When copying the data below, keep only the lines from the one with "- 2 Mark (D)" through the one with "Clarks mulheres Clarks", word for word, and skip the pictures.
Segment Start: Material supplied
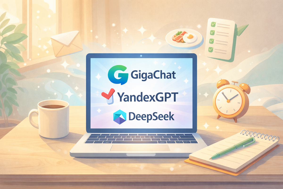 Всё началось со спора. Подруга сказала: «Да ну, эти ваши нейросети только картинки рисуют». Я решила доказать обратное самым наглядным способом – отдать ИИ управление целым днём. Меню, письма, список дел, ответ на неловкое сообщение от бывшего коллеги. Всё. Это был вторник. Обычный, немного суетливый вторник. И вот что из этого вышло. 07:15. Кофе ещё не готов, а я уже открываю GigaChat. Первый запрос дня: Составь мне план на рабочий вторник. У меня три встречи (в 10:00, 14:00 и 17:00), куча недоделанных писем и дедлайн по отчёту в пятницу. Я сова, до 9 утра соображаю плохо. Распредели задачи так, чтобы самое сложное было после обеда. Пиши по-человечески, без пунктов вроде "оптимизируйте продуктивность". Получила – план на три страницы с блоками по времени, буфером на непредвиденное и напоминанием выпить воды между встречами. Последнее меня тронуло. Завтрак - отдельная история. Я написала, что в холодильнике есть яйца, помидоры, сыр и кусок вчерашней пасты. Попросила придумать что-то съ
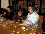「萬物作」の書が掲げられたテーマ展示館社会科教室では、振る舞われた甘酒を県外から訪れた人も囲炉裏でゆっくりと味わった。すごろくや福笑いをお母さんから教わりながらする家族連れ、たこ揚げで昔鍛えた腕を披露するお年寄りや、羽子板ラリーをする年配の女性などそれぞれ笑顔で楽しんでいた。 |
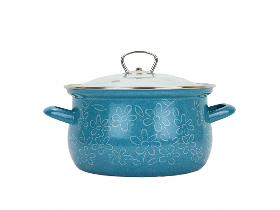 BELIS Smaltovaný hrnec se skleněnou poklicí ø 16 cm - 2 l - FLOWER - 51016-155DDF05
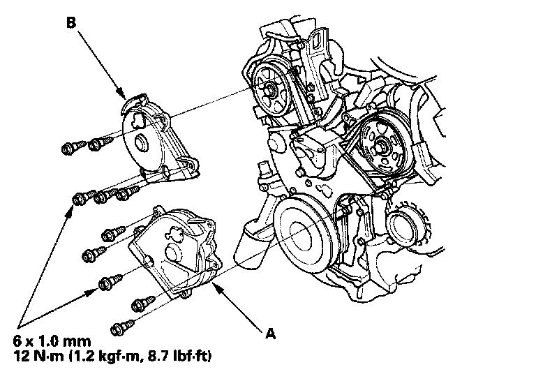 - 2 Mark (D) the bolt head and crankshaft pulley as shown, then tighten the bolt an additional 60° (The mark on the bolt head line up with the mark on the crankshaft pulley).
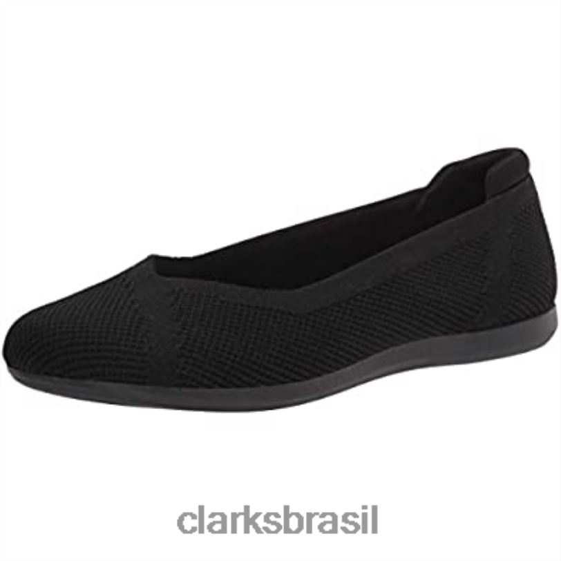 Clarks mulheres Clarks malha preta feminina Carly Wish Ballet Flat RJZRN521 malha preta
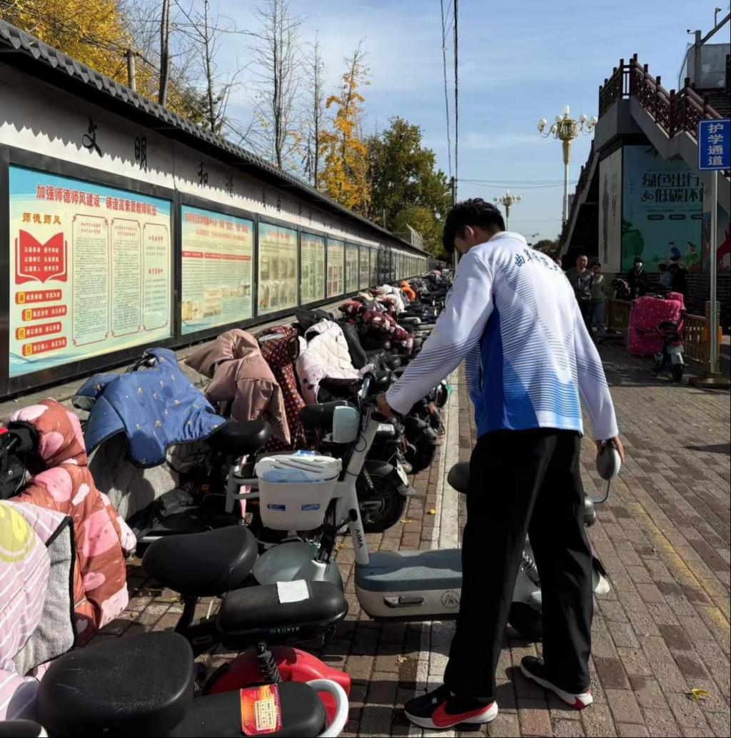 在服务过程中,志愿者们将校园道路两旁随意停放的电动车推到指定停放点,做到路面整洁,无乱停乱放。按照箭头所指方向摆放整齐。经过志愿者们的努力,电动车摆放得井然有序,校园周边环境更加干净整洁。为市民的出行和学生的上下学提供了更加便利的条件。
Segment End: Material supplied
**Finished exercise**
 - 2 Mark (D) the bolt head and crankshaft pulley as shown, then tighten the bolt an additional 60° (The mark on the bolt head line up with the mark on the crankshaft pulley).
 Clarks mulheres Clarks malha preta feminina Carly Wish Ballet Flat RJZRN521 malha preta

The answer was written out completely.